Comment by insin

5 hours ago

I don't think it needs to specifically be a coding agent for the average user, creating apps for whatever they want to do, just something that can use code and has appropriate access for what they're already asking it to do (instead of the model bullshitting to them that it can do it, annoying them), and some way to make it repeatable when needed, like skills.

I'm currently doing something like this in the internal model-independent LLM chat app I work on at a F100, specifically targeted at our everyday users. <input type="file" webkitdirectory> lets the user give the model read and write access to a local folder (and OPFS lets us reuse the same fs tools we give the model for files manually attached to the chat, or for files tools want to create if they haven't granted folder access).

Every time we used to release a new version it was "still can't handle the 6MB Excel file I drop into it" when that was being extracted to CSV and added to context - now it can poke about in the big Excel file directly with SheetJS to pull the sheets/headers and inspect the shape of the data, and use locally sandboxed code execution to write code against either extracted data or the spreadsheet itself via SheetJS for pivot tables and such (all locally - none of which need go into the context).

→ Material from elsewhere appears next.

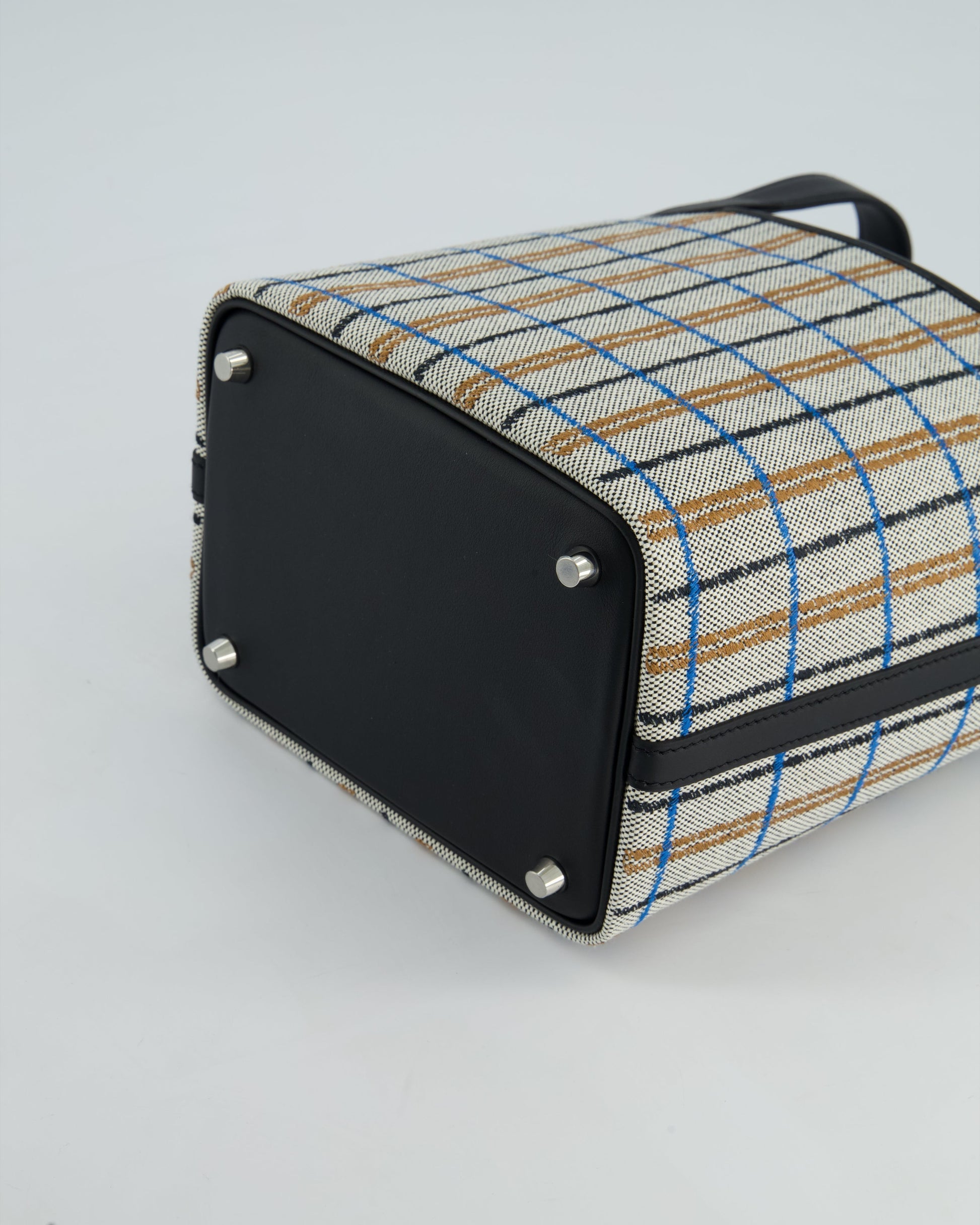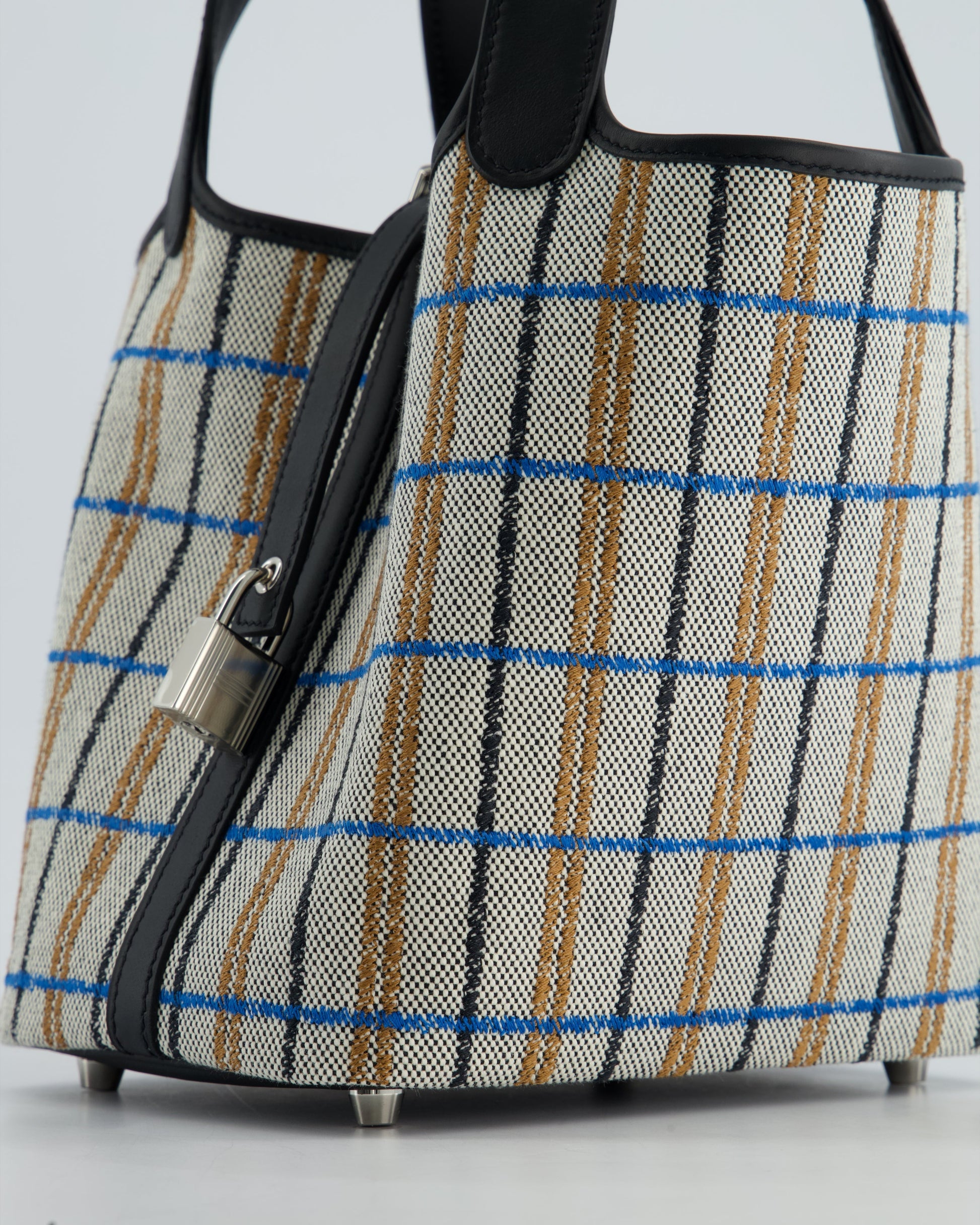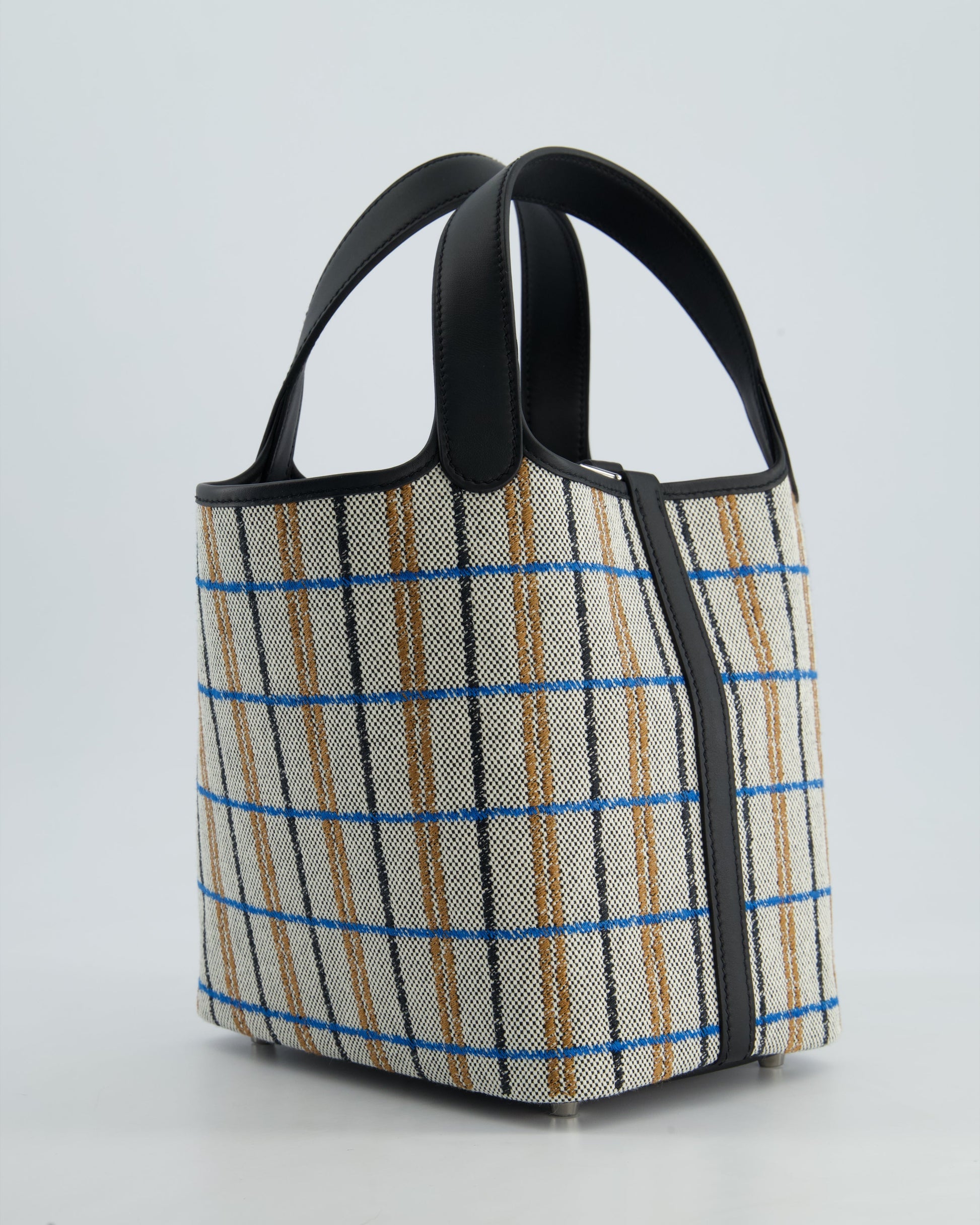 Hermes Picotin 18cm Broderie Couverture in Ecru, Noir, Fauve, Bleu Zanzibar Toile Canvas & Noir Swift Leather with Palladium Hardware

The base models are good enough at tool calling (I really mean Claude, though, the GPTs just go on a tear calling tools with no context for the user) they're already decent at automating stuff for the user without a dedicated harness (our default system prompt is still "You are a helpful AI assistant", lol). Add tools for Graph API stuff, and now it can pull the nightly batch file from a support inbox, unzip the spreadsheet within, diff it against yesterday's and generate an import file for new users and draft an email to welcome them, something that used to be a daily support task (which I'd already automated most of - but now you don't need a dev for this kind of thing). Or go find the big 450,000+ row spreadsheet that's being automated somewhere on SharePoint, pull it down in 150,000 row chunks (Graph Excel REST API limit) and write code to go figure out whatever the user is asking.

Having implemented and used it, I like this setup so much it kinda ruined Claude.ai and ChatGPT.com for me, so I've hooked up similar access for them using a browser extension to add the folder picker input, with the extension talking to a local server to tell it which folder to give access to, and Claude/ChatGPT talking to the same server over MCP via a CloudFlare Tunnel to work with the selected folder.